===== DATA RECORDS =====

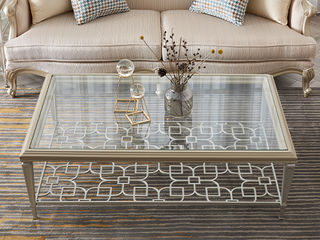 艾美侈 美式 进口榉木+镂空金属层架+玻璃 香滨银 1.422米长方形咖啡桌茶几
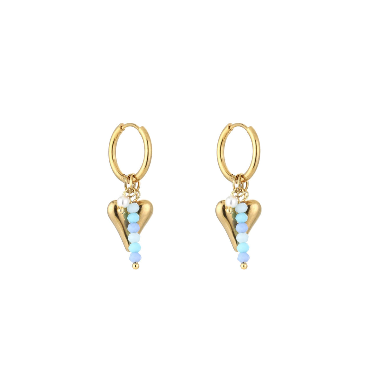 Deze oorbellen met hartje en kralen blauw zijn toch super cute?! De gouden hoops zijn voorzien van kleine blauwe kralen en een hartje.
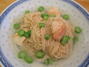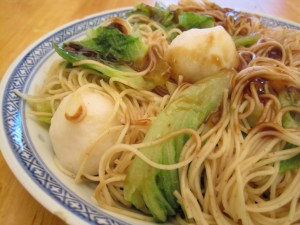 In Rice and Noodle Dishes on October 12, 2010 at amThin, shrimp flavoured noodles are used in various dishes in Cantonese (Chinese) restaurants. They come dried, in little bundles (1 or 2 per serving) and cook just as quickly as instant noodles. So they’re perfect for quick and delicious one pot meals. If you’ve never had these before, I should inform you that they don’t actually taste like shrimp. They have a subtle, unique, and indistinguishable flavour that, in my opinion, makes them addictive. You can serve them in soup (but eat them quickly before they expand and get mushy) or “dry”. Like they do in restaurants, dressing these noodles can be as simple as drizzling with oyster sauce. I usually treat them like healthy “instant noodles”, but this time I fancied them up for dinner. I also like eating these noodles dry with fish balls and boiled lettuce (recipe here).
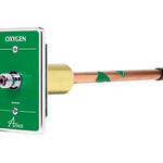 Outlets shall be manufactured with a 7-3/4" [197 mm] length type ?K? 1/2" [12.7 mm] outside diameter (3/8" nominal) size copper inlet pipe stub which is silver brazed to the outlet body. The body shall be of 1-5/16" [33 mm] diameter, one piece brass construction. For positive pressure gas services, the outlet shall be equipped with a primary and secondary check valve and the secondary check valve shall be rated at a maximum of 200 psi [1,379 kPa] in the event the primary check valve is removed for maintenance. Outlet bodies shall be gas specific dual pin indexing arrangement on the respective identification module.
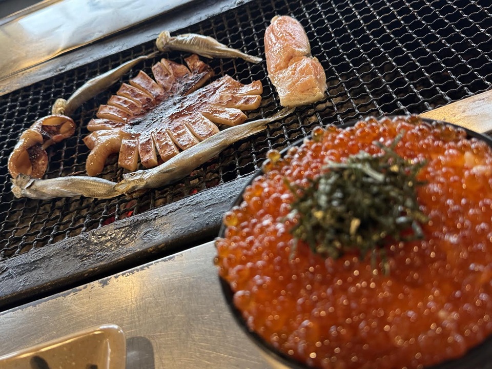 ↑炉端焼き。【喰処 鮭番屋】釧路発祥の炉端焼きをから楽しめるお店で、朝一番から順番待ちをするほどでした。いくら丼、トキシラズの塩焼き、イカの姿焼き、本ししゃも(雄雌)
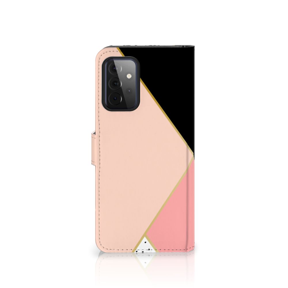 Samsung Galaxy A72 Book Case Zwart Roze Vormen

=====
===== DATA RECORDS =====

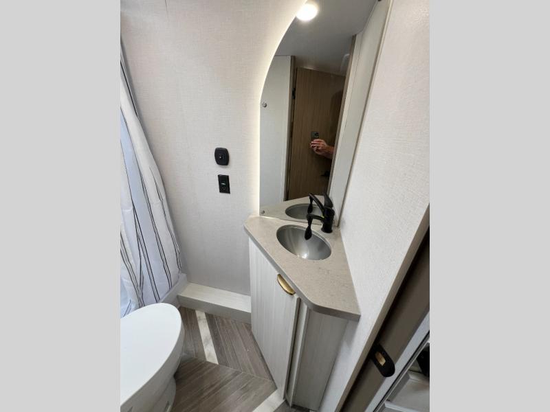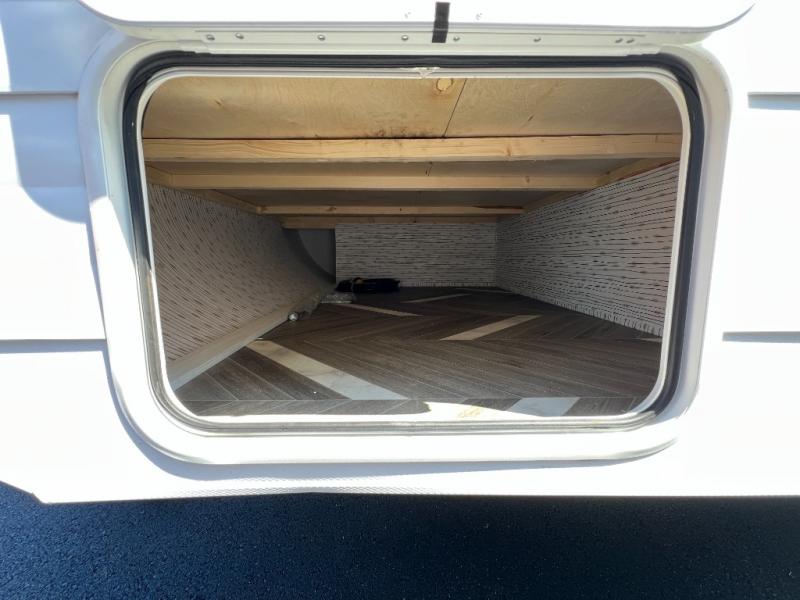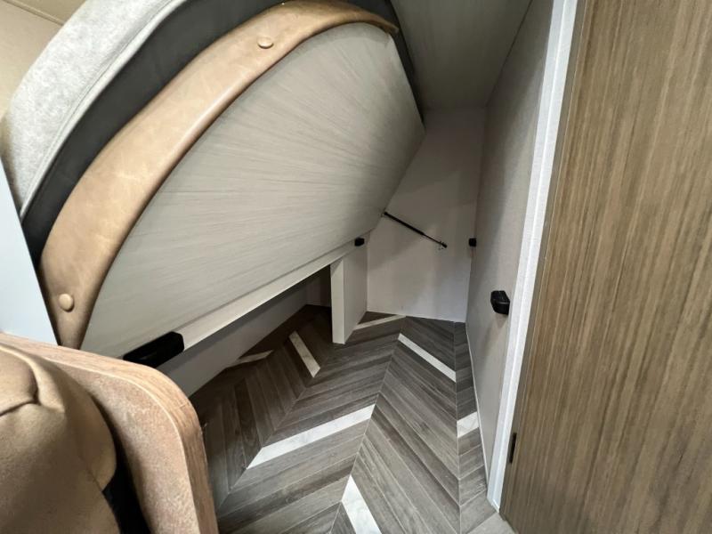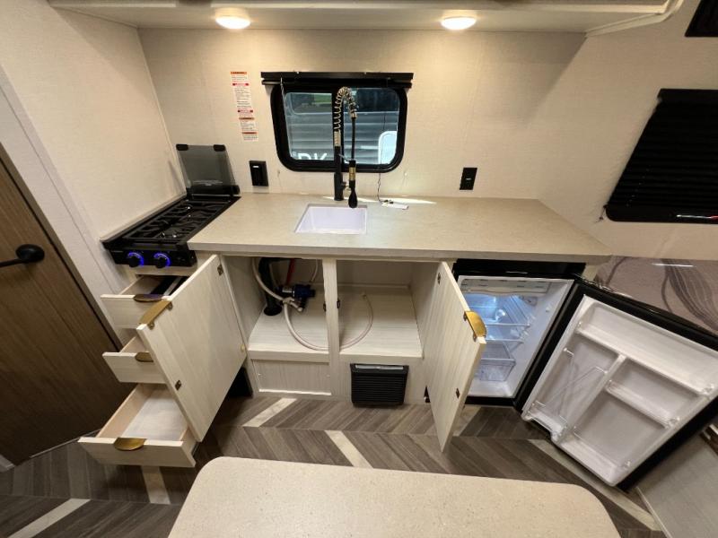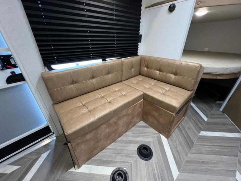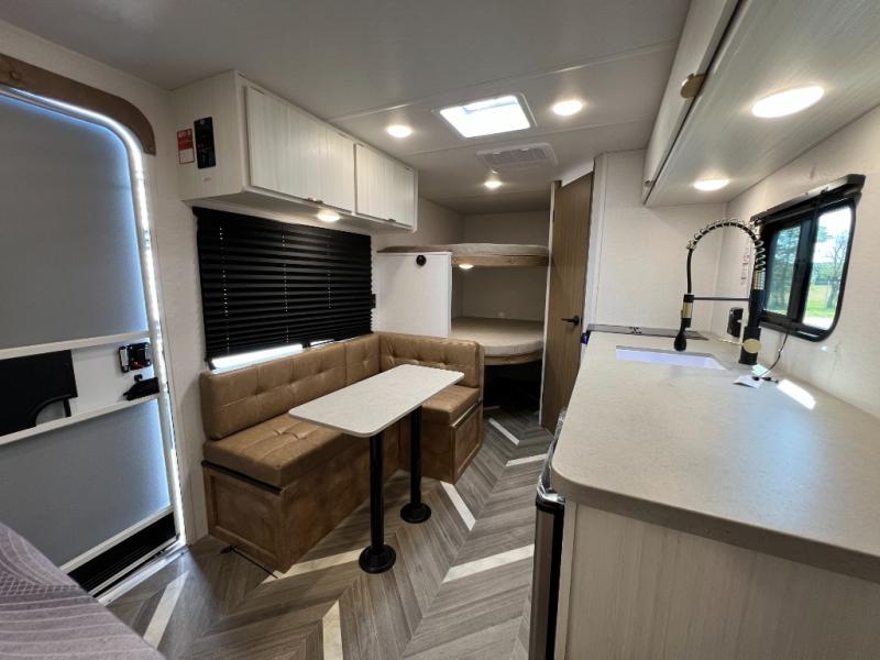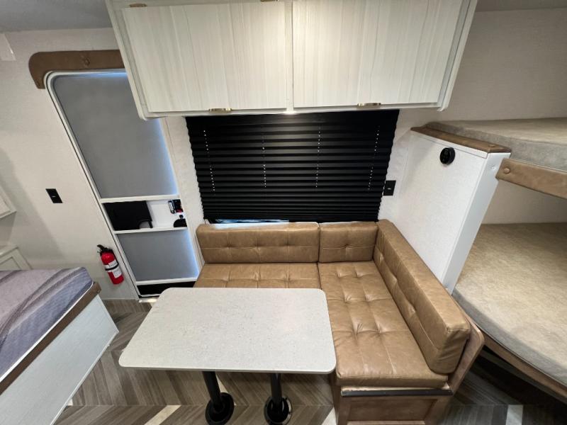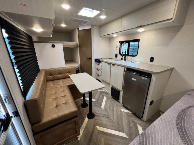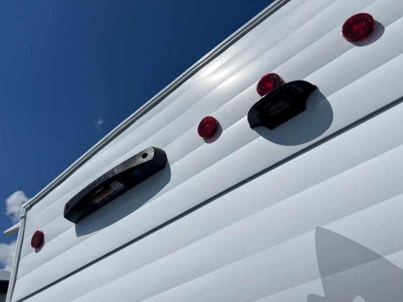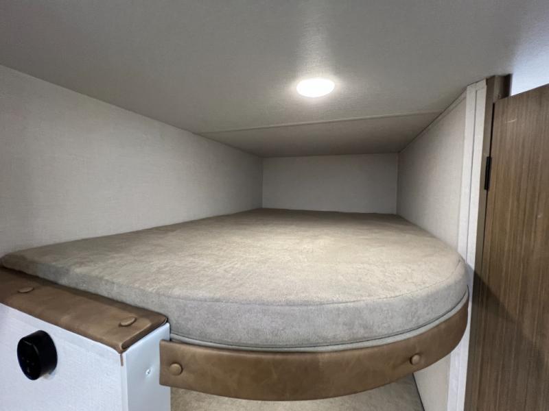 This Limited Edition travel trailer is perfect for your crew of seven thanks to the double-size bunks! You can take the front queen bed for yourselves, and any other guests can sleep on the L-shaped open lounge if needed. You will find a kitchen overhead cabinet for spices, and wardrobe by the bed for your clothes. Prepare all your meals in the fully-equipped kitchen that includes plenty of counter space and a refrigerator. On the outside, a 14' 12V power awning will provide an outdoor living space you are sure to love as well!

=====

## ASSIGNED TASK:
Retype only the lines above from the one with "艾美侈 美式 进口榉木+镂空金属层架+玻璃 香滨银 1.422米长方形咖啡桌茶几" through the one with "Samsung Galaxy A72", exactly and with both ends. Images stay out.

## SOLUTION BELOW:
 艾美侈 美式 进口榉木+镂空金属层架+玻璃 香滨银 1.422米长方形咖啡桌茶几
 Deze oorbellen met hartje en kralen blauw zijn toch super cute?! De gouden hoops zijn voorzien van kleine blauwe kralen en een hartje.
 In Rice and Noodle Dishes on October 12, 2010 at amThin, shrimp flavoured noodles are used in various dishes in Cantonese (Chinese) restaurants. They come dried, in little bundles (1 or 2 per serving) and cook just as quickly as instant noodles. So they’re perfect for quick and delicious one pot meals. If you’ve never had these before, I should inform you that they don’t actually taste like shrimp. They have a subtle, unique, and indistinguishable flavour that, in my opinion, makes them addictive. You can serve them in soup (but eat them quickly before they expand and get mushy) or “dry”. Like they do in restaurants, dressing these noodles can be as simple as drizzling with oyster sauce. I usually treat them like healthy “instant noodles”, but this time I fancied them up for dinner. I also like eating these noodles dry with fish balls and boiled lettuce (recipe here).
 Outlets shall be manufactured with a 7-3/4" [197 mm] length type ?K? 1/2" [12.7 mm] outside diameter (3/8" nominal) size copper inlet pipe stub which is silver brazed to the outlet body. The body shall be of 1-5/16" [33 mm] diameter, one piece brass construction. For positive pressure gas services, the outlet shall be equipped with a primary and secondary check valve and the secondary check valve shall be rated at a maximum of 200 psi [1,379 kPa] in the event the primary check valve is removed for maintenance. Outlet bodies shall be gas specific dual pin indexing arrangement on the respective identification module.
 ↑炉端焼き。【喰処 鮭番屋】釧路発祥の炉端焼きをから楽しめるお店で、朝一番から順番待ちをするほどでした。いくら丼、トキシラズの塩焼き、イカの姿焼き、本ししゃも(雄雌)
 Samsung Galaxy A72 Book Case Zwart Roze Vormen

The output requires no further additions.